Началась субботняя гульба, кто-то запел «Хаджи Минчо», грянул барабан, подхватил кларнет, с веселым задором выводила коленца труба, площадь заходила ходуном, забыв о нежной и печальной песне хаджи Николи. Спустя несколько минут из корчмы вынесли и поставили перед дверью ведро вина, вслед за ним показался весовщик — он, точно икону, нес портрет Стамболова.[20] Музыканты мгновенно оборвали свою песню и застыли наготове. Весовщик поднял портрет над головой и поцеловал — его выпученные, омытые пьяными слезами глаза остекленели, и он хриплым голосом выкрикнул: «Эх, Стамболов, молодец-удалец, вся Болгария по тебе слезы льет!» — и погрузил портрет в ведро. Тотчас грянул Стамболовский марш,[21] мальчишки подожгли смоченные в керосине тряпки, завопили, запрыгали, из корчмы отозвались молодецкие выкрики.
Посетители «Среднего образования» просто лопались от зависти. Там собирался народ посмирнее, не одобрявший гуляк-завсегдатаев «Безима-отца». Кто-то предложил попросить в публичном доме шарманку. Собрали меж собой деньги, послали мальчишку-прислужника, и горбун слуга из «Двух голубков» приволок ее на спине в корчму. Мальчишка еще на улице начал крутить ручку, и шарманка рассыпала звуки венского вальса, тонувшие в громыханье марша. Вместе с шарманкой прибыло известие о том, что докторская помощница, прозванная Тырновской царицей, поступила в публичный дом… «Среднее образование» ахнуло, все разом оживились, и новость тут же перекочевала в соседнюю корчму.
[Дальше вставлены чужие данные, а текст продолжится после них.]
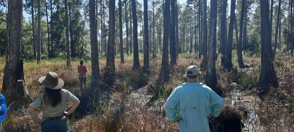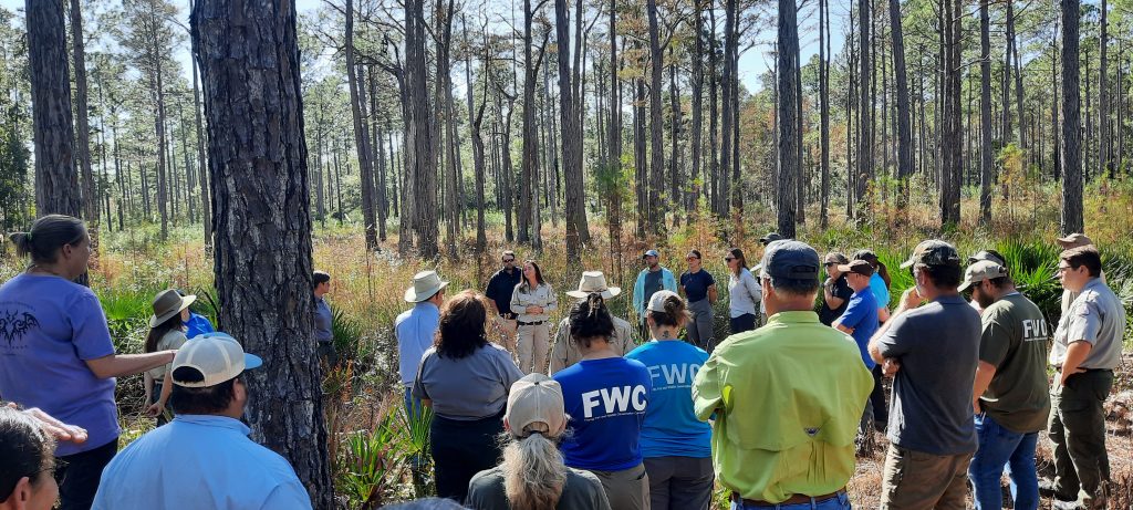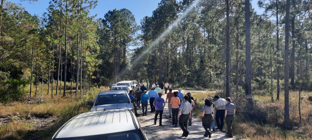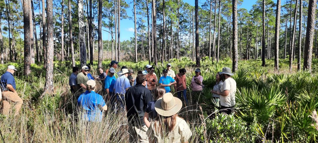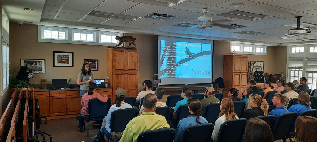 Representatives from multiple state and federal agencies, non-profit organizations, and private landowners gathered at the St. Marks National Wildlife Refuge to discuss pressing land conservation concerns. Kate Richardson, Jonathan Chandler, Amanda Bessler, and Josh Havird presented research and project reports on Bachman’s sparrows, frosted flatwood salamanders in St. Marks NWR and Apalachicola National Forest, and the use of drones on the National Wildlife Refuge. Following the presentations, Amanda and Logan gave attendees a tour of the preserve including a restoration site for the frosted flatwoods salamanders.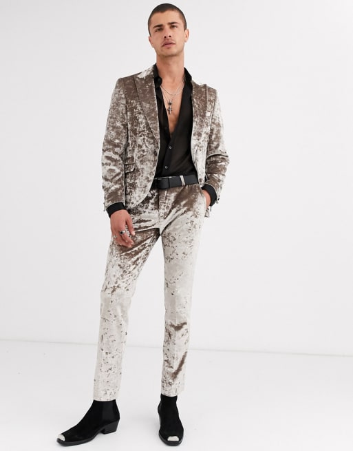 Twisted Tailor - Champagnefarvet super skinny habit i nervøst velour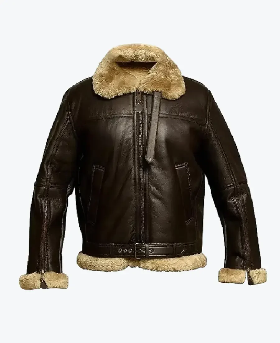 The architecture of this jacket is defined by its clean waist-length silhouette and an iconic “WWII-pilot” aesthetic. It features a sharp oversized shearling-style fur collar providing a structured and powerful frame to the neckline that exudes a classic professional vibe with a contemporary urban twist. The front is anchored by a high-performance offset zipper closure and is dramatically accented by an integrated wide leather waist belt with a reinforced buckle and double throat-latch straps, maintaining a precision tailored-fit profile that allows for an adjustable architectural cinch. To ensure a custom look and superior heat retention at the extremities, the full-length sleeves are finished with exposed fur open hem cuffs and functional zipper expansions, while the expert reinforced-seam construction and fur-trimmed hemline create a sophisticated architectural volume. Designed for the individual who demands maximum artistic flair within a polished frame, this Rare Jackets essential features a strategic pocket configuration—including two external slanted welt waist pockets and a hidden inner pocket—offering secure storage while reinforcing the jacket’s sleek, high-impact silhouette.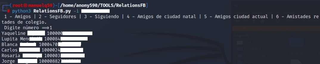 RelationsFB es una herramienta #OSINT que muestra y descarga (en Formato .CSV) las relaciones de un perfil de Facebook con solo ingresar el FBID (Identificación de Facebook); solo si los propietarios de este perfil lo tiene de modo público. La herramienta permite elegir el tipo de relación que deseas obtener según la opción seleccionada por el investigador.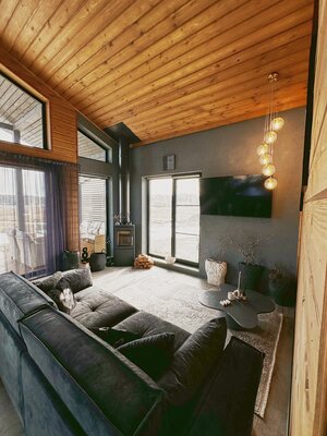 К услугам гостей два уютных спальных номера с двуспальными кроватями, полностью оборудованная кухня и комфортная гостиная с диваном. Насладитесь свежим воздухом и потрясающими видами с просторной террасы. Дом оснащен всем необходимым для комфортного проживания, включая смарт-ТВ в каждой комнате и современную бытовую технику.

— Быть того не может! Брехня! — произнес кто-то, а Кушай-Детка заорал:
— А еще честную из себя строила, мать ее за ногу! Ну, теперь я ей покажу! Пошли все, скопом… с музыкой!
И вся компания отправилась ухмыляясь, но торжественно, как на свадьбу, не скрывая, куда идет. Пусть женушки проведают да поплачут, да утешают друг дружку — мол, все равно мужья к ним вернутся. Барабанщик шагал впереди, выбивая «Встань, отвори мне, зазнобушка», и процессия с громким топотом спустилась по вымощенной булыжником крутой улочке к мясным рядам.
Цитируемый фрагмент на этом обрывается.